Your answer is the lines below, exactly, from the one that contains "Kronos Dolap 10" through the one that contains "Bracciale in argento, fatto", both included.
Top of Records to use
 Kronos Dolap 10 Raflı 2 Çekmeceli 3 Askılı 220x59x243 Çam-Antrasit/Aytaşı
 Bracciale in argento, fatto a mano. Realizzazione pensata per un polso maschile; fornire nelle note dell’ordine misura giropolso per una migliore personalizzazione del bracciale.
Bottom of Records to use
Top of Records to use
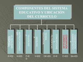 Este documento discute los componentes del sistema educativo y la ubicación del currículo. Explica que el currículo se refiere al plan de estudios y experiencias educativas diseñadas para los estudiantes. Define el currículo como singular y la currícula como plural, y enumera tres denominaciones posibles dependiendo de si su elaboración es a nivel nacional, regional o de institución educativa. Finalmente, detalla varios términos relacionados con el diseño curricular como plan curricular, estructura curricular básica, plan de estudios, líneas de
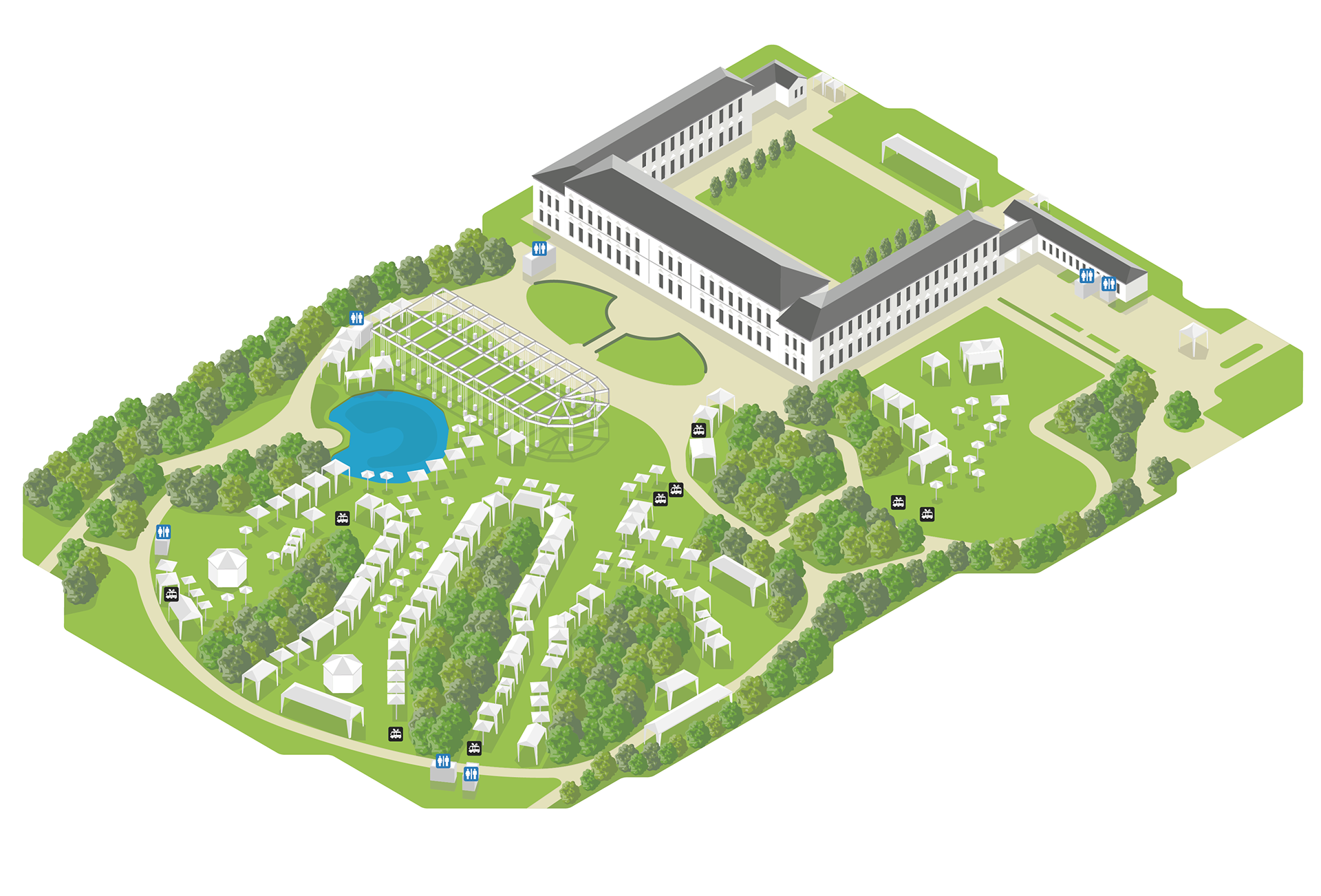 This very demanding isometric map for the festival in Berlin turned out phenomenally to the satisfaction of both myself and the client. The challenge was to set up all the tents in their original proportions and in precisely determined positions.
Bottom of Records to use
Top of Records to use
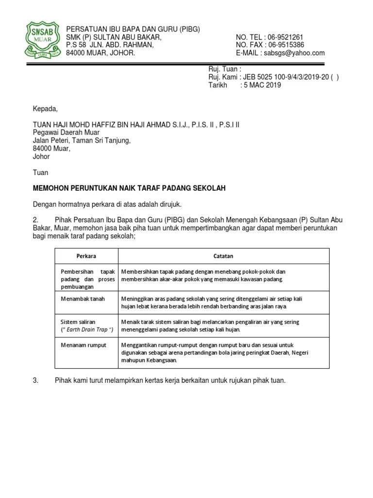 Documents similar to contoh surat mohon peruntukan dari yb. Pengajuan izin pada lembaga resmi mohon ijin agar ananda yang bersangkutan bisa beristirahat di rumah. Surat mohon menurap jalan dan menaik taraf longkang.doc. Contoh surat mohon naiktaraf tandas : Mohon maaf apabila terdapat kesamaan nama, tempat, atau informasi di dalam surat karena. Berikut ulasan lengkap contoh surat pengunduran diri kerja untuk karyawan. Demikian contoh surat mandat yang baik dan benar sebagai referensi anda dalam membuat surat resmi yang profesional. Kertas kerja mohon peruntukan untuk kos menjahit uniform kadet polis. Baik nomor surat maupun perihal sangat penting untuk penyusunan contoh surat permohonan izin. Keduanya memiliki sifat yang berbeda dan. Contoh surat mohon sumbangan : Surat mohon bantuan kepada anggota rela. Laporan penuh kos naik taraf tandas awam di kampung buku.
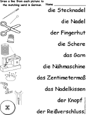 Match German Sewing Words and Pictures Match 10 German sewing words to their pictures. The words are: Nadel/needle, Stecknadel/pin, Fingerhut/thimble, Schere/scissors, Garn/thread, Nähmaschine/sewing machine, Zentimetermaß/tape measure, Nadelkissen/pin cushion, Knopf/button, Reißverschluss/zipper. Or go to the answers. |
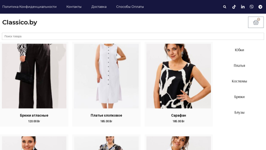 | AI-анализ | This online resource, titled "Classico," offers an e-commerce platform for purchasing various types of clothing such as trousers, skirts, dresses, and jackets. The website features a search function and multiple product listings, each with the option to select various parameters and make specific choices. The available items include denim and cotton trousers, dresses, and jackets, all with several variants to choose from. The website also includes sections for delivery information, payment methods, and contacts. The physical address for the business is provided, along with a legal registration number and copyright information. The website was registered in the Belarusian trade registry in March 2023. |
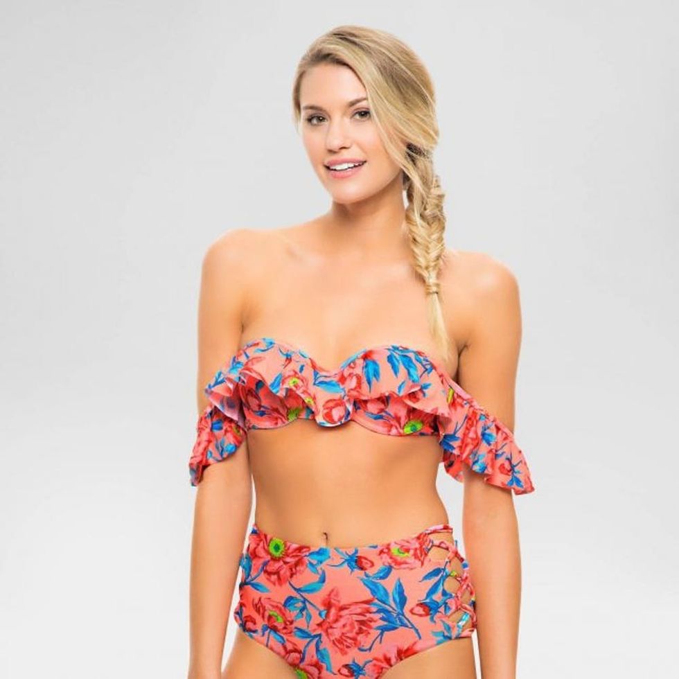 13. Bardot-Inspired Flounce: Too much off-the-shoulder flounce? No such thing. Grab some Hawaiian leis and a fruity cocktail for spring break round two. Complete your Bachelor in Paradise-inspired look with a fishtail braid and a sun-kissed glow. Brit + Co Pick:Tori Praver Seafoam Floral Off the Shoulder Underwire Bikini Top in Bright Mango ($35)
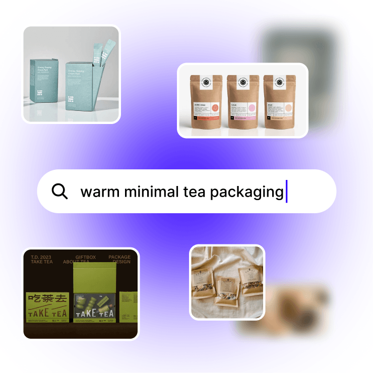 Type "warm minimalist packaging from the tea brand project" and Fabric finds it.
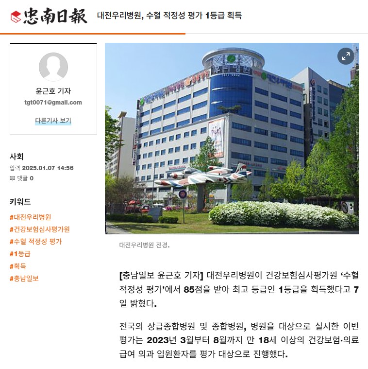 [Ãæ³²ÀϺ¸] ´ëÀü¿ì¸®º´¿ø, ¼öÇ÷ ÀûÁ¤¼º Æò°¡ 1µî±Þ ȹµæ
Bottom of Records to use
» Problem solution:
 Kronos Dolap 10 Raflı 2 Çekmeceli 3 Askılı 220x59x243 Çam-Antrasit/Aytaşı
 Bracciale in argento, fatto a mano. Realizzazione pensata per un polso maschile; fornire nelle note dell’ordine misura giropolso per una migliore personalizzazione del bracciale.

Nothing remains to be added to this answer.